Stored dataset items

====

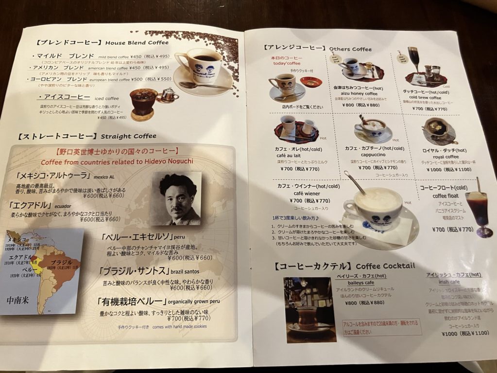 野口英世が左手の手術を受けた後に書生として住み込みで働いた会陽医院の建物を回収した店舗という、とても歴史のある老舗の喫茶店です。
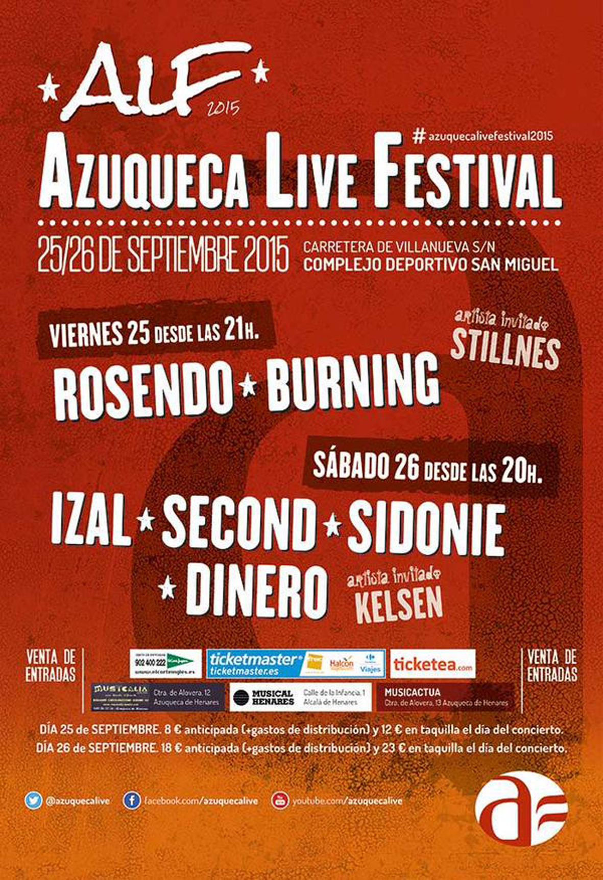 El Azuqueca Live Festival (ALF) ha sido nominado por los Premios Fest 2015 en tres categorías: Mejor Festival Revelación, Mejor Campaña de Comunicación y Mejor Producción. Este evento musical forma parte de la programación de Fiestas de Septiembre y se desarrollará los días 25 y 26 en el campo de fútbol San Miguel. En su primera jornada, el ALF ofrece la actuación de Rosendo y Burning, mientras para el sábado 26 se ha previsto una jornada indie con Izal, Second, Sidonie y Dinero. La concejala de Fiestas, Charo Martín, ha mostrado su satisfacción por estas nominaciones y ha recordado que las entradas se pueden comprar anticipadamente en Musicalia (carretera de Alovera, 12), Musicactúa (carretera de Alovera, 13) y en Musical Henares (C/ de la Infancia, 1, Alcalá de Henares). La venta electrónica se canaliza a través de las páginas web de El Corte Inglés (pinche AQUÍ), Ticketea (AQUÍ) y Ticketmaster (AQUÍ).Las entradas para ver a Rosendo, Burning (teloneados por el grupo local Stillnes) cuestan 8 euros en venta anticipada y 12 euros en taquilla, mientras que las de las jornada del día 26, para Izal, Second, Sidonie y Dinero (con Kelsen como teloneros) se pueden comprar por 18 y 23 euros respectivamente. A estos precios, hay que sumar los gastos de gestión de cada distribuidor. Los Premios Fest, que este año celebran su segunda edición, son una iniciativa de Bythefest.com y la Asociación de Promotores de Música de España, APM, en colaboración con Radio 3. La convocatoria surgió, según se explica en la página web de los premios para "reconocer, valorar, celebrar el trabajo y la creatividad de los profesionales responsables del desarrollo de los Festivales de Música que se celebran en España" y convertirse en un "sello de calidad de referencia internacional".Los premios se conceden mediante el voto de seguidores y un jurado de expertos en diferentes áreas del sector. Las votaciones se harán entre el 22 de septiembre y el 7 de octubre para anunciar los finalistas el día 13 de octubre y cerrar la convocatoria con la entrega de los premios el día 28 de octubre.
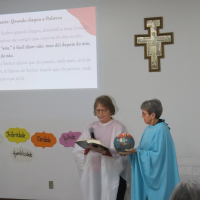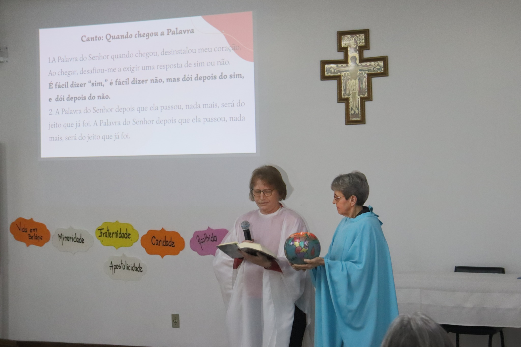 As Irmãs deram continuidade à Assembleia Pré-Capitular. Este terceiro dia iniciou com um profundo momento de oração conduzido pelas irmãs e formandas da Guiné-Bissau, que nos convidaram a refletir: “Que frutos nossa Congregação tem oferecido à Igreja e ao mundo? ”
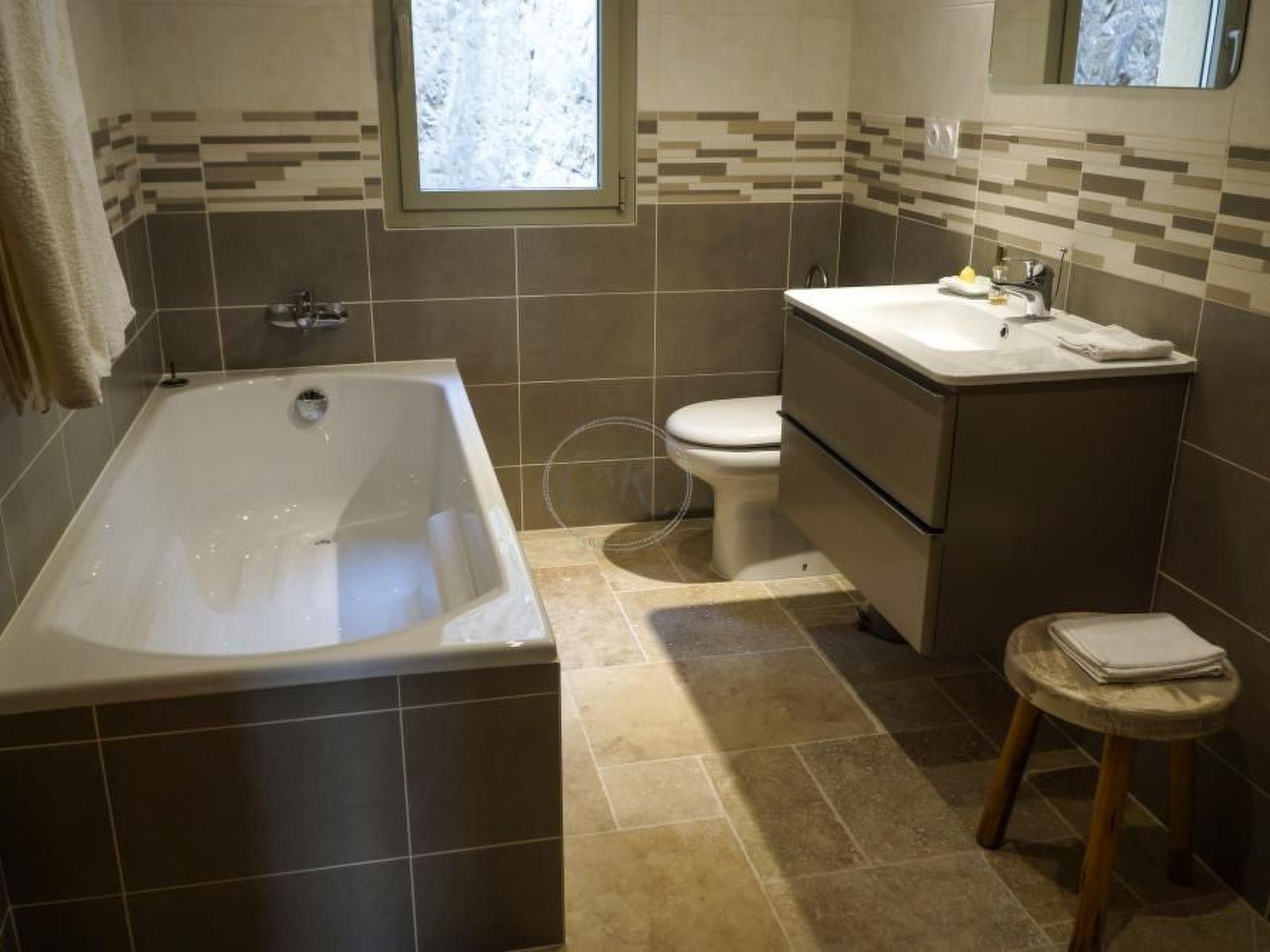 Outside, you can take full advantage of the 2 sea-facing terraces and an infinity pool, as well as a new bowling green just off the terrace. On the first level, the living room, kitchen and spacious bedroom open onto the terrace. At mealtimes, you can choose to eat inside or in the shaded area of the outside terrace. A second bedroom on the same level overlooks a fruit garden. All bedrooms have en-suite bathrooms. On the second level is a 3-person suite with en-suite shower room and wc. On the third level is the master bedroom, with its large terrace between land and sky, panoramic sea views, dressing room and bathroom with spa bath.
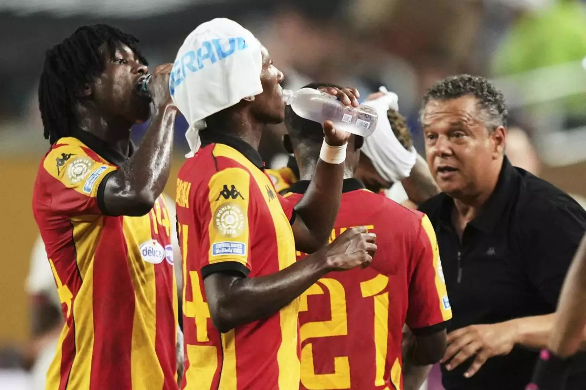 Esperance de Tunis players take a drink during a break in the Club World Cup Group D soccer match between Esperance Tunisie and Chelsea in Philadelphia, Tuesday, June 24, 2025. (AP Photo/Matt Slocum)
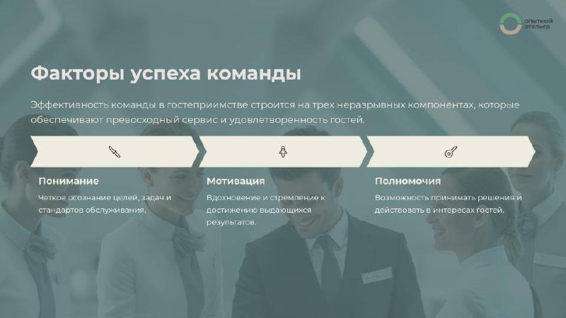 Команда. Факторы успеха Коллеги, часто ли вы задумываетесь, почему в одной команде люди горят работой, а в другой - просто отбывают смену? Или почему одни сотрудники находят возможности удивить гостя, а другие проходят мимо очевидных проблем? Мы тратим ресурсы на подбор, обучение, KPI, но часто упускаем из виду системные факторы, которые и определяют, станет ли коллектив исполнителей сплоченной командой единомышленников. Разберем три неразрывных компонента: 🟣Понимание. Как показать сотруднику его реальный вклад в общий успех? 🟣Мотивация. Как выйти за рамки KPI и зарплаты, чтобы зажечь в команде искру и желание быть лучшими? 🟣Полномочия. Как дать людям право принимать решения, чтобы гости получали помощь здесь и сейчас, а не после череды согласований. Начнем сегодня с понимания. Секрет команд, которые создают не просто хороший, а запоминающийся сервис - в глубоком понимании того, зачем они делают то, что делают. И как их, казалось бы, небольшие действия запускают цепь невероятны
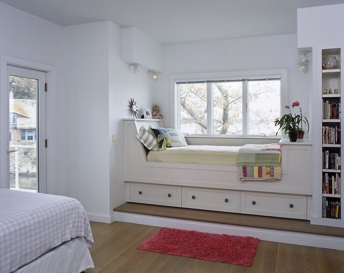 木工板是常见的用来制作飘窗的材料,用木工板做台面没有冰冷的感觉,看起来比较简洁,有一个非常大的优点就是方便把飘窗弄成收纳空间,增强家居收纳功能。

====

The entries must be repeated exactly. Leave the images out.

TASK SOLUTION =>
 野口英世が左手の手術を受けた後に書生として住み込みで働いた会陽医院の建物を回収した店舗という、とても歴史のある老舗の喫茶店です。
 El Azuqueca Live Festival (ALF) ha sido nominado por los Premios Fest 2015 en tres categorías: Mejor Festival Revelación, Mejor Campaña de Comunicación y Mejor Producción. Este evento musical forma parte de la programación de Fiestas de Septiembre y se desarrollará los días 25 y 26 en el campo de fútbol San Miguel. En su primera jornada, el ALF ofrece la actuación de Rosendo y Burning, mientras para el sábado 26 se ha previsto una jornada indie con Izal, Second, Sidonie y Dinero. La concejala de Fiestas, Charo Martín, ha mostrado su satisfacción por estas nominaciones y ha recordado que las entradas se pueden comprar anticipadamente en Musicalia (carretera de Alovera, 12), Musicactúa (carretera de Alovera, 13) y en Musical Henares (C/ de la Infancia, 1, Alcalá de Henares). La venta electrónica se canaliza a través de las páginas web de El Corte Inglés (pinche AQUÍ), Ticketea (AQUÍ) y Ticketmaster (AQUÍ).Las entradas para ver a Rosendo, Burning (teloneados por el grupo local Stillnes) cuestan 8 euros en venta anticipada y 12 euros en taquilla, mientras que las de las jornada del día 26, para Izal, Second, Sidonie y Dinero (con Kelsen como teloneros) se pueden comprar por 18 y 23 euros respectivamente. A estos precios, hay que sumar los gastos de gestión de cada distribuidor. Los Premios Fest, que este año celebran su segunda edición, son una iniciativa de Bythefest.com y la Asociación de Promotores de Música de España, APM, en colaboración con Radio 3. La convocatoria surgió, según se explica en la página web de los premios para "reconocer, valorar, celebrar el trabajo y la creatividad de los profesionales responsables del desarrollo de los Festivales de Música que se celebran en España" y convertirse en un "sello de calidad de referencia internacional".Los premios se conceden mediante el voto de seguidores y un jurado de expertos en diferentes áreas del sector. Las votaciones se harán entre el 22 de septiembre y el 7 de octubre para anunciar los finalistas el día 13 de octubre y cerrar la convocatoria con la entrega de los premios el día 28 de octubre.
 As Irmãs deram continuidade à Assembleia Pré-Capitular. Este terceiro dia iniciou com um profundo momento de oração conduzido pelas irmãs e formandas da Guiné-Bissau, que nos convidaram a refletir: “Que frutos nossa Congregação tem oferecido à Igreja e ao mundo? ”
 Outside, you can take full advantage of the 2 sea-facing terraces and an infinity pool, as well as a new bowling green just off the terrace. On the first level, the living room, kitchen and spacious bedroom open onto the terrace. At mealtimes, you can choose to eat inside or in the shaded area of the outside terrace. A second bedroom on the same level overlooks a fruit garden. All bedrooms have en-suite bathrooms. On the second level is a 3-person suite with en-suite shower room and wc. On the third level is the master bedroom, with its large terrace between land and sky, panoramic sea views, dressing room and bathroom with spa bath.
 Esperance de Tunis players take a drink during a break in the Club World Cup Group D soccer match between Esperance Tunisie and Chelsea in Philadelphia, Tuesday, June 24, 2025. (AP Photo/Matt Slocum)
 Команда. Факторы успеха Коллеги, часто ли вы задумываетесь, почему в одной команде люди горят работой, а в другой - просто отбывают смену? Или почему одни сотрудники находят возможности удивить гостя, а другие проходят мимо очевидных проблем? Мы тратим ресурсы на подбор, обучение, KPI, но часто упускаем из виду системные факторы, которые и определяют, станет ли коллектив исполнителей сплоченной командой единомышленников. Разберем три неразрывных компонента: 🟣Понимание. Как показать сотруднику его реальный вклад в общий успех? 🟣Мотивация. Как выйти за рамки KPI и зарплаты, чтобы зажечь в команде искру и желание быть лучшими? 🟣Полномочия. Как дать людям право принимать решения, чтобы гости получали помощь здесь и сейчас, а не после череды согласований. Начнем сегодня с понимания. Секрет команд, которые создают не просто хороший, а запоминающийся сервис - в глубоком понимании того, зачем они делают то, что делают. И как их, казалось бы, небольшие действия запускают цепь невероятны
 木工板是常见的用来制作飘窗的材料,用木工板做台面没有冰冷的感觉,看起来比较简洁,有一个非常大的优点就是方便把飘窗弄成收纳空间,增强家居收纳功能。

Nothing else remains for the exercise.